Soeurette Joseph Part III: To El Salvador
Once France was liberated, members of the Resistance began joining the French Army; Soeurette enlisted as soon as possible. She served in occupied Germany until 1945 and then decided to go back to school. The army would only sponsor her education if she studied social work so Soeurette registered for social work school and then interned for three years. She finished her internship at the end of 1947 and started working in the Army in the north of France. As Soeurette had a contract of five years, the only way to leave the Army was to pay them back for her education or to get married.
She was married less than two years later.
(How did you meet Andre?)
I was introduced by a friend of ours who knew his aunt who was – Andre was in France on vacation and he was leaving, actually, two weeks later. And then we were introduced so he stayed a little longer and I didn’t see him. I saw him twice – once the first time and then I didn’t see him until December and in December I saw him and January we were married.
(So you didn’t know each other very long before you got married?)
No, absolutely not.
(What did your parents think of you moving to Central America?)
Nothing. Nothing special, no – everybody has to make his own life, everybody has to decide what they want to do. You know, it was not that easy for girls to get married at that time. First, there were a lot of young men who had died during the war and a lot of people who had disappeared. So it was not so easy at that time. Not that easy.
(Where did your parents move to after the war?)
My father had died in 1942 and my mother came back to the town where we lived near Strasbourg after the war and stayed there a few years and then moved to her hometown of Metz because my sister lived there.
(Which sister is that?)
The older sister lived in Metz. She was a dentist in Metz. She was married there and my mother moved to Metz and she died there.
(And your other sister, where did she go?)
She left for Israel before Israel was Israel. She left with a bunch of young people who decided to go to Palestine, landed on – somewhere on the beach.
(Before you married Andre did you – how did you feel about moving?)
I was ready to do anything, you know. We had had such a rough life that anything was better than what we had so it didn’t make a difference. Whatever we could do was welcome.
(What day were you married?)
We were married – in France. The civil marriage took place on the 6th of January 1949 at the mairie [city hall] and religiously on the 16th of January. I arrived in Salvador on the 31st of January.

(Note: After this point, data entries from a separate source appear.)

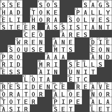ACROSS 1. Compass dir. 4. Mayday 7. Sinks 11. Possessed 12. Puff or smoke 13. Friendly 14. Connecticut Ivy Leaguer 15. Israeli folk dance 16. Finds the solution 17. Guide 19. Helper 21. Corporate head (abbr.) 23. Ancient Greek god of war 24. Songbird 25. A saturated hydrocarbon 26. Pass on 29. Lush 30. Mountains (abbr.) 31. A really long time 32. Adept person 33. American Automobile Association (abbr.) 34. Plus 35. To free from 36. Medical imaging device (abbr.) 37. Makes a sale 40. Double-curved letter 41. The 18th letter of the Arabic alphabet 42. A single undivided whole 43. Globular water bottle used in Asia 45. And so on (abbr.) 46. Home 51. Rob, plunder, or pillage 55. Speaker 56. Medicinal plant 58. Not either 59. Carrier 60. Corncob 61. Insect wing 62. SW Saudi Arabia district 63. Put into a specified state 64. Allow DOWN 1. "______ My Girl" (Turtles hit) 2. Table seasoning 3. Singer Brickell 4. "Barney Miller" actor Jack 5. Gumbo ingredient 6. Oceans 7. Table seasonings 8. Inventor's middle name 9. Small, secluded valley 10. System (abbr.) 12. Triads 13. Airs 16. Founders of families 18. Shade of tan 20. Before Barbara or Clara 22. Single 24. Forest 25. With great haste 26. Started a card game 27. Charged atoms 28. Conclusion 29. Indian titles of respect 32. Before (prefix) 33. Believer in; advocate of (suffix) 36. Mother 37. Institute legal proceedings 38. Main course 39. Louse (plural) 43. 61 cubic inches 44. Aroma 46. Round or rotation of duties 47. Greek god of love 48. Suttee (variant) 49. Smile enhancers 50. Writer Wiesel 52. Of or related to the anus 53. Grand slam 54. Part of Q.E.F. 57. Choose
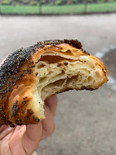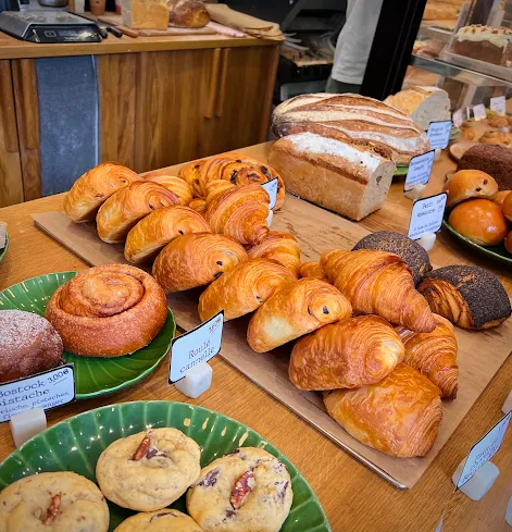 Every product is made in-house. Expect a classic baguette at €1.20, a seeded Danish‑style loaf with low glycemic index, cinnamon or cardamom rolls, the creative croissant cake (rebaked croissant trimmings), apple turnovers, cookies, cream puffs and chocolate‑buckwheat tarts (up to €5) — all carefully crafted to prioritize flavor and freshness over quantity.
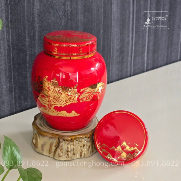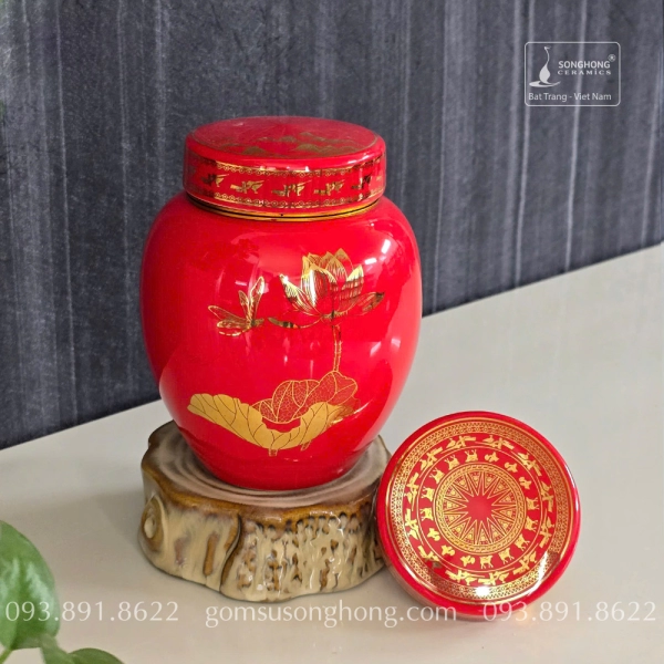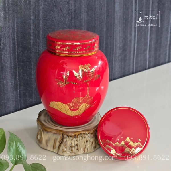 Hũ Sứ Đựng Trà 480ml Màu Đỏ Hoa Sen Chuồn
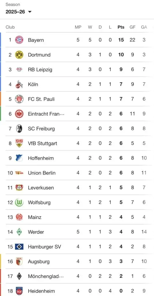With this win, Bayern now sit on 15 points from 5 matches the only team with a perfect record. Dortmund and RB Leipzig trail with 10 points and 9 points respectively, having played one fewer game. Köln and FC St. Pauli round out the top five with 7 points apiece. Werder, after this loss, drop to 14th with just 5 points.
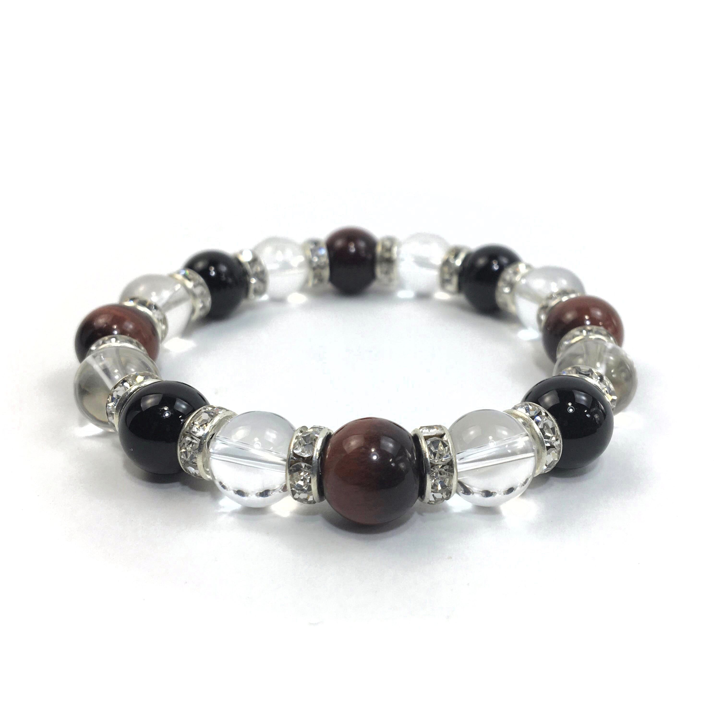 レッドタイガーアイ×水晶×オニキス パワーストーン ブレスレット 10mm(シルバー)メンズ・レディース 男性・女性 数珠ブレス 開運 ☆

(Were you married in Obernai?)
No, in Strasbourg.
(So immediately after your wedding you go to Salvador?)
Two weeks later.
(Did you go by ship?)
No, we flew. And it was very funny because I needed a visa to go through the United States and I was told it was impossible, it would take weeks. So we had already decided Andre had to go and I would come as soon as I would get my visa and that could take four weeks, two months, three months, who knows. And so we went to the American consulate with the idea to tell them that I needed to go with my husband and so on, the whole story. I had a new passport with my new name. I get into the embassy and an American girl comes down the stairs, she looks at me, says, “What are you doing here?” I knew her from the Army because I used to go to the meetings of the American/English/French. They used to take me along and I had met that girl. I got my visa in five minutes. It didn’t take more – the girl said, “I guarantee for her,” and I got my visa. Didn’t even have to fill out papers. And so we left and stopped in New York for a few days and then in New Orleans where we met Alice Liebes who stayed there and gave us Roberto and Raquel to take home to Salvador.
(Did Alice speak French?)
No. Alice spoke German and Spanish.
(So how did you communicate with her?)
Oh, I had no problem. I never had problem talking [chuckle].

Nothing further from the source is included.